This project sought to identify trends in donor retention and upgrade potential, as well as to determine a solicitation strategy for donors who have not yet given in FY22 that maximizes the impact and available budget of the solicitation.

In order to help answer these questions, we analyzed prospect biographical information at the entity and household levels, and we developed several metrics based on the available prospect giving data:

  • Gift Recency, Frequency, Monetary (RFM) Score - RFM scoring helped us identify the best donors by scoring their recency, frequency, and monetary amount of giving. Additionally, this was used as a primary segmentation strategy to determine the prospects that would be the best targets for high- and low-touch mailers.
  • Gift Velocity - This was applied to all prospects in order to identify trends in donor giving trajectories and to determine the prospects who may be more likely to upgrade their giving in FY22.
  • Predicted Gift Size - We calculated a predicted gift size for donors who had not yet made a gift in FY22, based on their giving trajectory and recent giving, in order to help determine the most cost-effective solicitation strategy.
  • Likelihood - We developed a score for prospects to determine the likelihood that they would make a gift in FY22, as well as to identify the biographical or giving-related characteristics that were most closely related to retention.
    Our analysis suggested that giving-related factors were most closely associated with retention, and that biographical characteristics such as age, prospect type, or geography were less important. Based on this, our segmentation strategy was primarily giving-based, and we matched RFM and giving velocity scores with high- and low-touch strategies to develop target segments:
  1. High-touch mailers would be sent out to 1882 households. These are a mix of loyal, upgradeable, new, and lapsed donors who tend to make higher value donations.
  2. Low-touch mailers would be sent out to 259 households. These are loyal, upgradeable donors who tend to make lower value donations.

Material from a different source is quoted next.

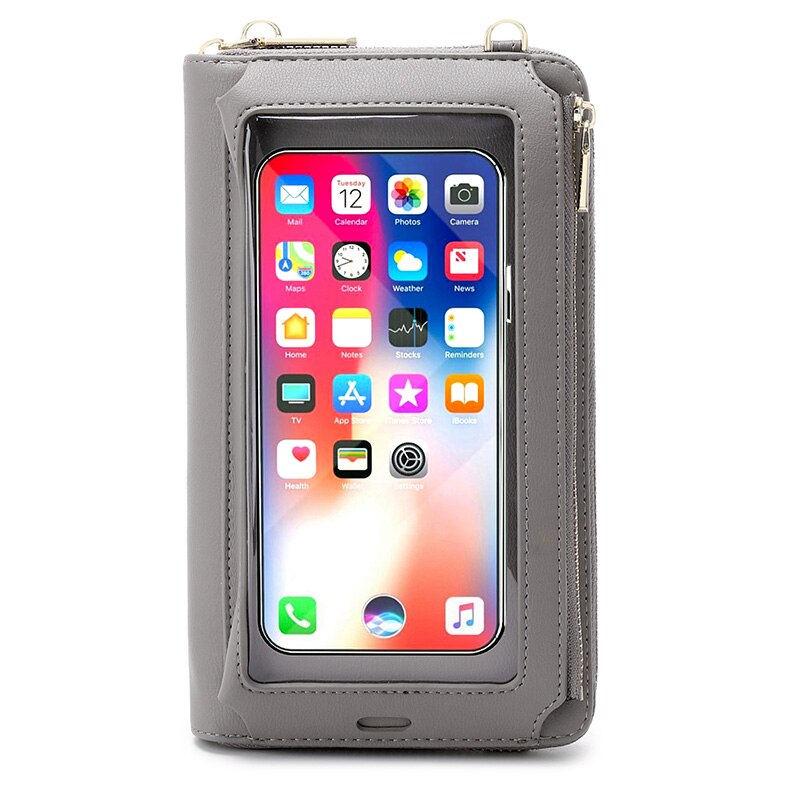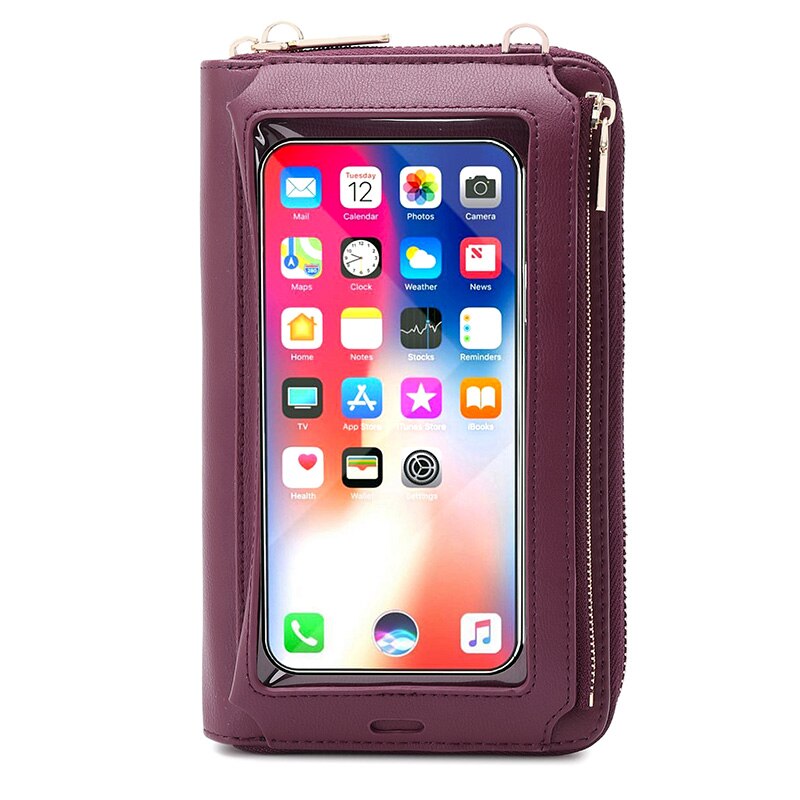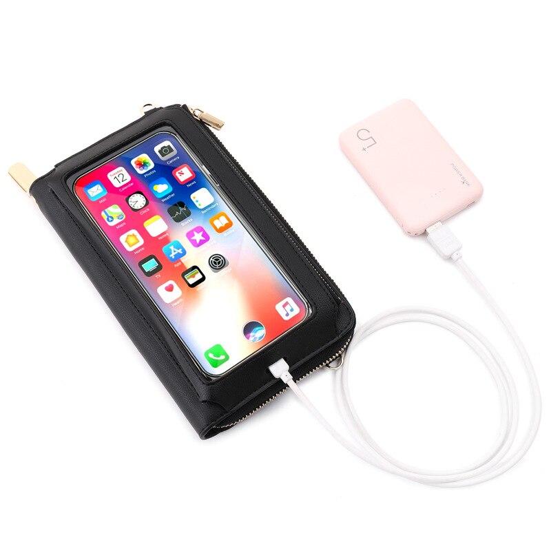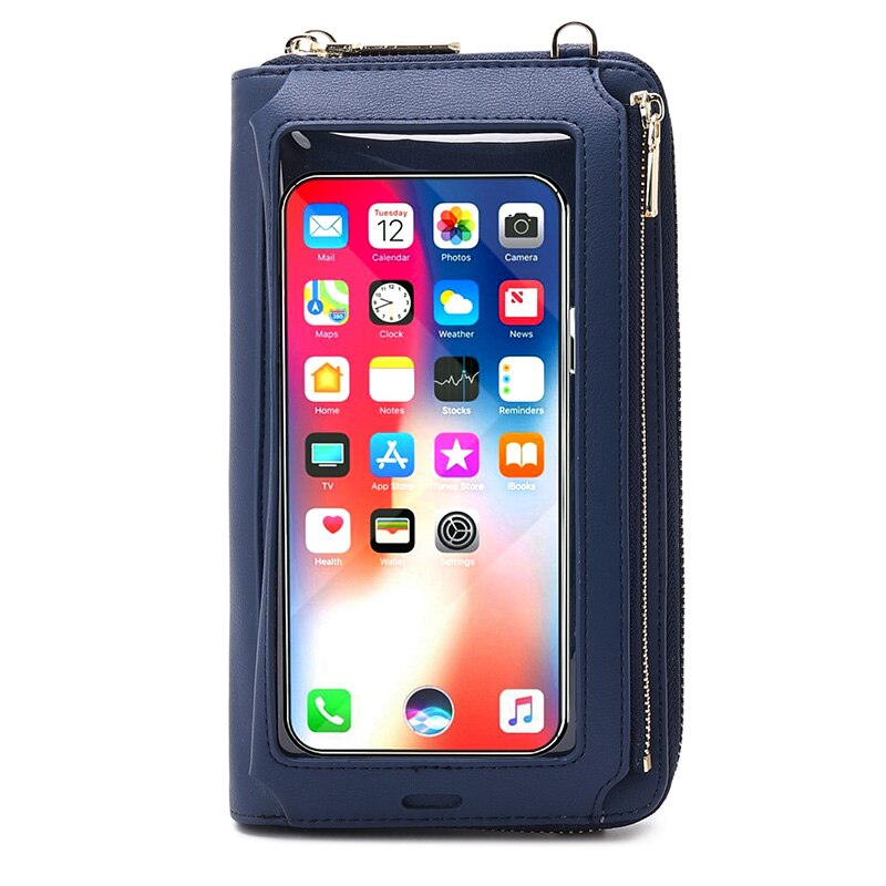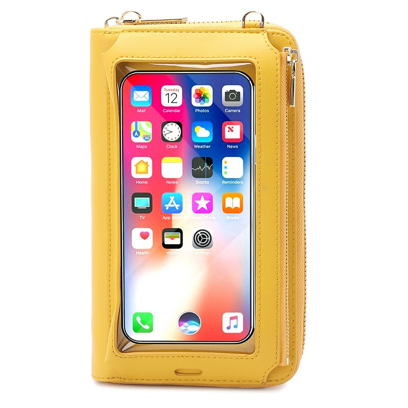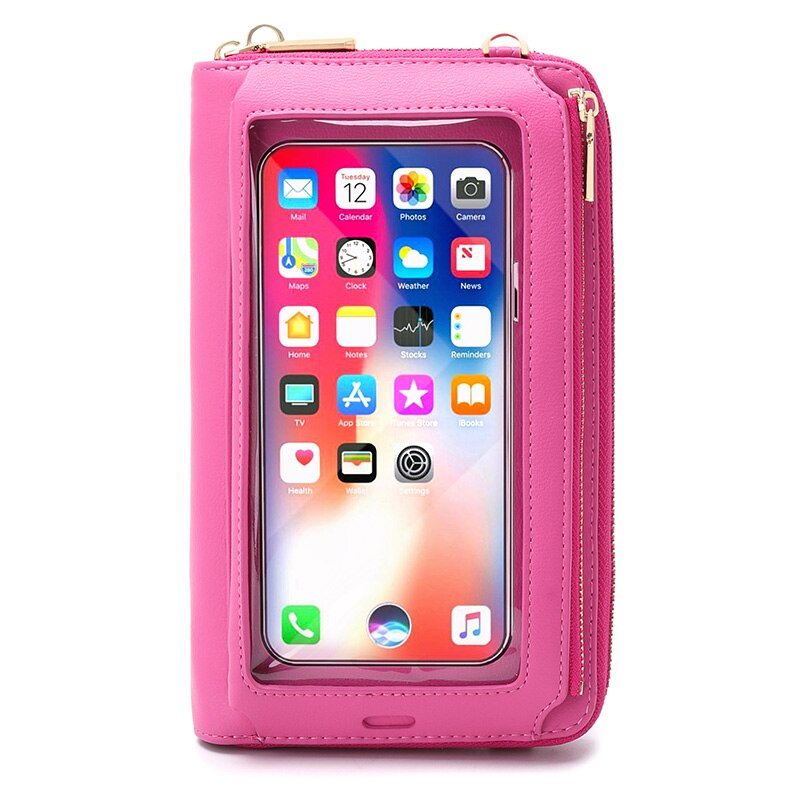 RFID Transparent Touchable Phone Pocket Women Shoulder Bags PU Leather Ladies Small Crossbody Bags Female Clutch Wallet

In order to maximize response rate and stay within budget, mailers were targeted towards annual prospects in the 50+ age range based the United States. This resulted in a total solicitation cost of $4,964.

Note: Metrics are defined in the Appendix.


Background

You and your team work for a US-based nonprofit organization whose current fiscal year is coming to an end. Leadership would like your annual giving team to make one last push to retain donors who have not yet given this fiscal year, and has allocated a budget of $5,000 for this retention mailing. There are two options for the mailpieces:

  • A “standard” mailer which costs $1.00 per piece.
  • A “high-touch” mailer which costs $2.50 per piece.
    Your challenge is to identify which donors to include in this retention effort and develop a strategy that you feel will make the most of your available budget. It is up to you to decide how many mailers of each type are sent out and to which donors they are sent.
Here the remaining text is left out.